EXERCISE AIM | Pictures stay out of this copy, which runs from the first line of the material through the line containing "新中式国风羽绒服狐狸毛袖口,皮草显瘦外套宽松HR-GJC5511".

GIVEN DATA |
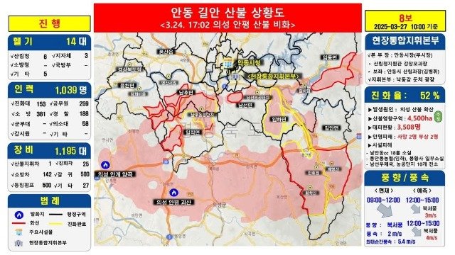 [안동=한국유통신문] 2025년 3월 27일 오전 10시 기준, 안동 지역에서 발생한 대형 산불이 4,500ha에 걸쳐 번지며 피해가 확산되고 있다. 현재까지 진화율은 52%를 기록하고 있으며, 대피 주민 수는 3,508명에 달한다.
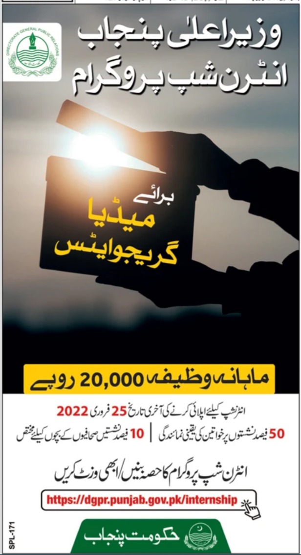 Directorate General Public Relations jobs advertisement dated about 12 February 2022 in daily Jang Newspaper invites application for the vacant post of Internship and Media Graduate Internee in Islamabad Pakistan. Persons with Bachelor etc. education can apply.
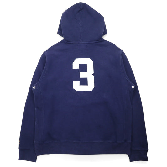 Polo by Ralph Lauren 90年代 デュアルマッチ 刺繍 ハーフボタン パーカー XL ネイビー コットン ナンバリング
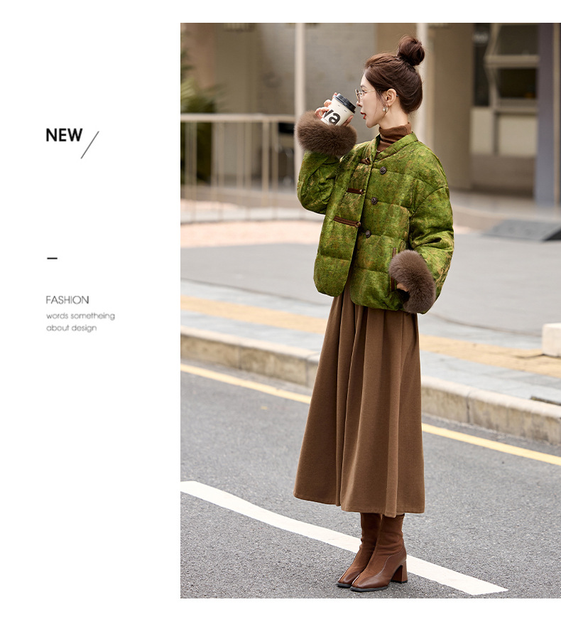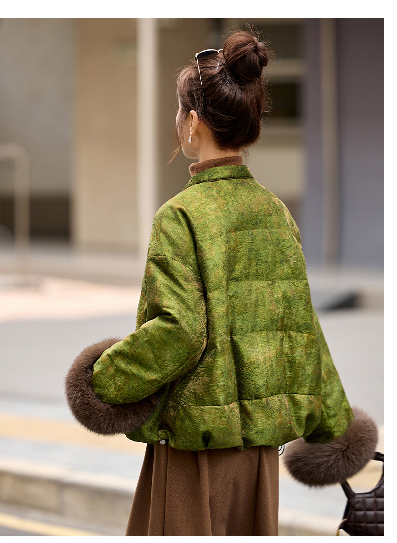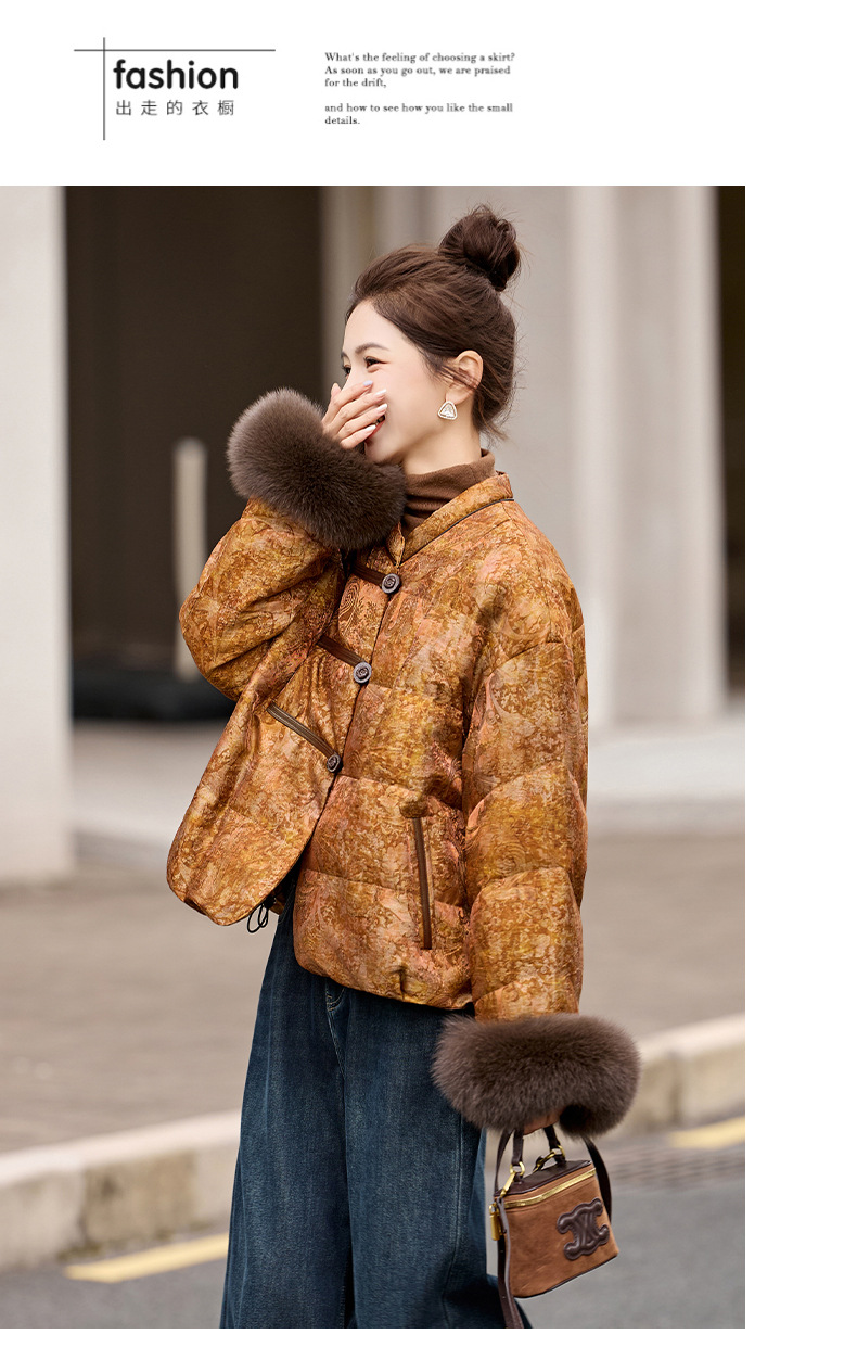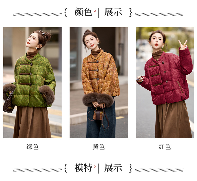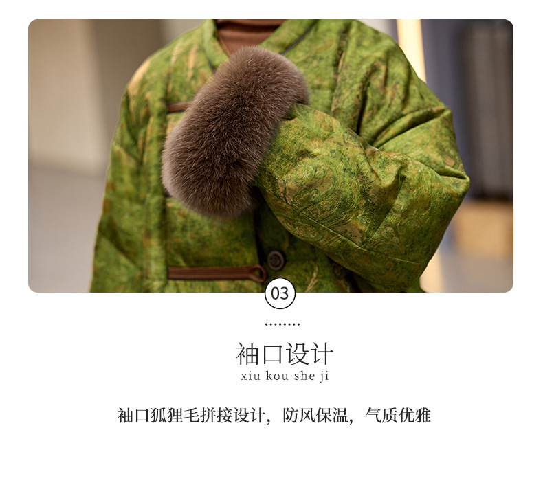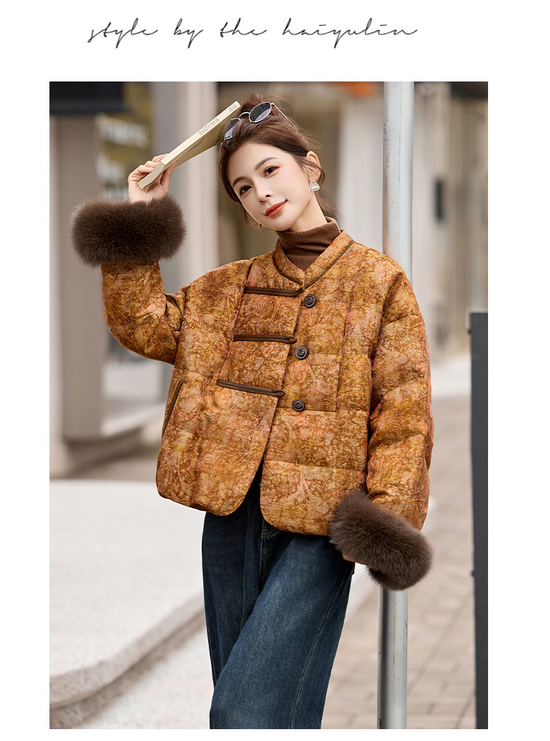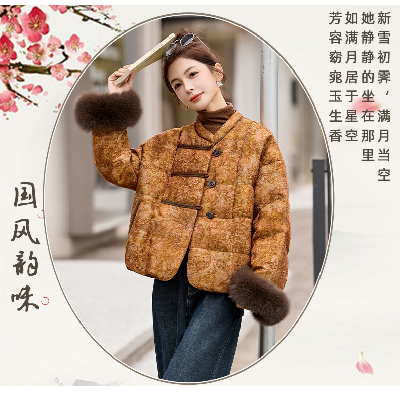 新中式国风羽绒服狐狸毛袖口,皮草显瘦外套宽松HR-GJC5511
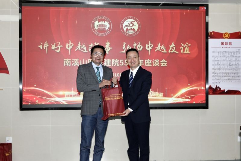 55年前,南溪山医院为抗美援越而生,收治了5432名越南伤病员,铸就了一座中越友谊的历史丰碑。55年后的今天,在南溪山医院的一场主题为“讲好中越故事,弘扬中越友谊”座谈会,大家欢聚一堂,越南驻南宁总领事馆总领事杜南忠和南溪山医院第四任院长贾太昌、第五任院长尤剑鹏、第六任院长刘邕波、第七任院长杜振宗以及现任党委书记柳宏林、院长李朝旭齐聚首,与当年参与救治越南伤员的医护人员、后勤人员共同讲述当年烽火岁月的动人故事,再续前缘佳话。
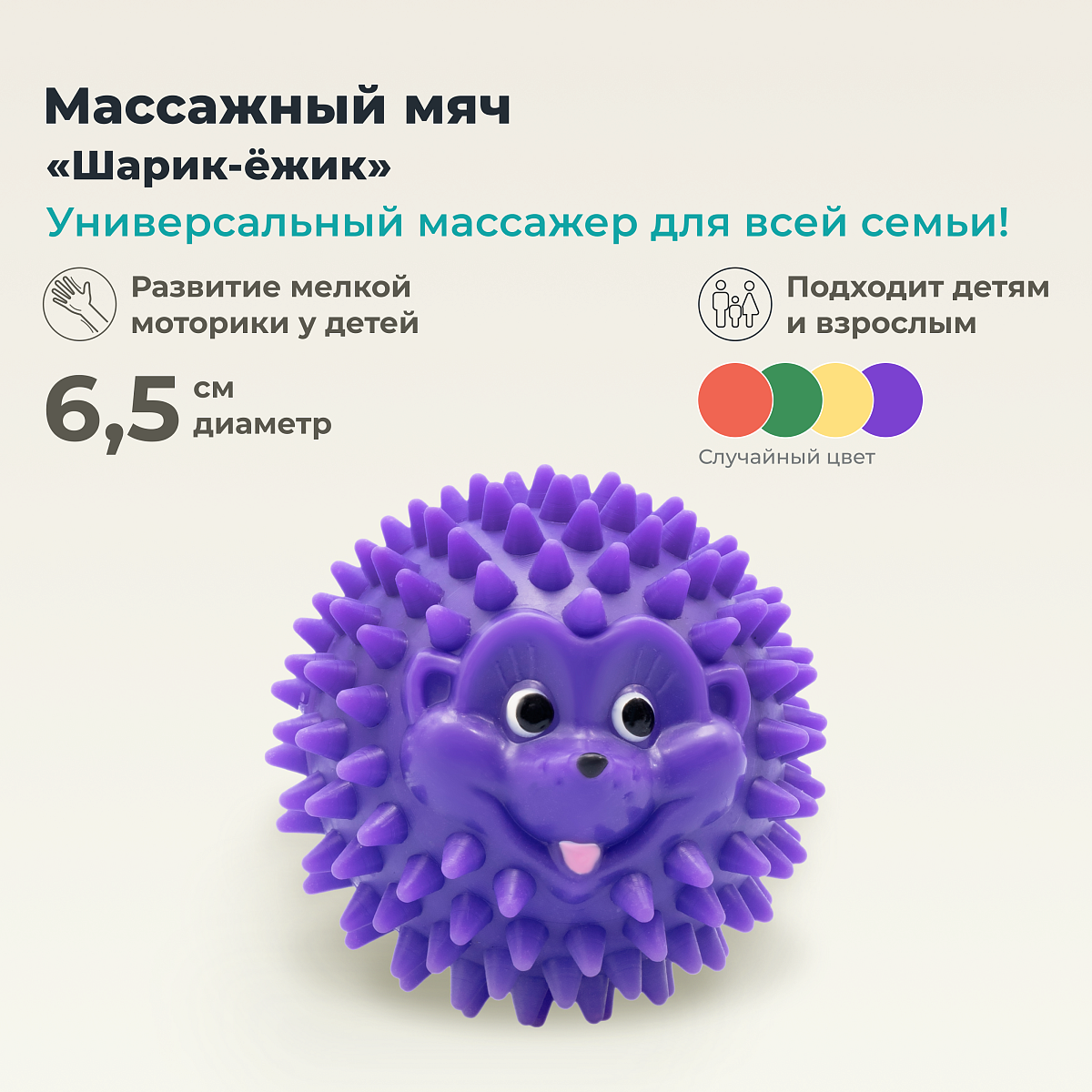 Массажный мяч изготовлен из гибкого пластика с шипами и выполнен в виде весёлого ёжика. Он идеально подходит для массажа маленьких детей, развивая их мышление, координацию движений и моторику пальцев.

TASK ANSWER |
 [안동=한국유통신문] 2025년 3월 27일 오전 10시 기준, 안동 지역에서 발생한 대형 산불이 4,500ha에 걸쳐 번지며 피해가 확산되고 있다. 현재까지 진화율은 52%를 기록하고 있으며, 대피 주민 수는 3,508명에 달한다.
 Directorate General Public Relations jobs advertisement dated about 12 February 2022 in daily Jang Newspaper invites application for the vacant post of Internship and Media Graduate Internee in Islamabad Pakistan. Persons with Bachelor etc. education can apply.
 Polo by Ralph Lauren 90年代 デュアルマッチ 刺繍 ハーフボタン パーカー XL ネイビー コットン ナンバリング
 新中式国风羽绒服狐狸毛袖口,皮草显瘦外套宽松HR-GJC5511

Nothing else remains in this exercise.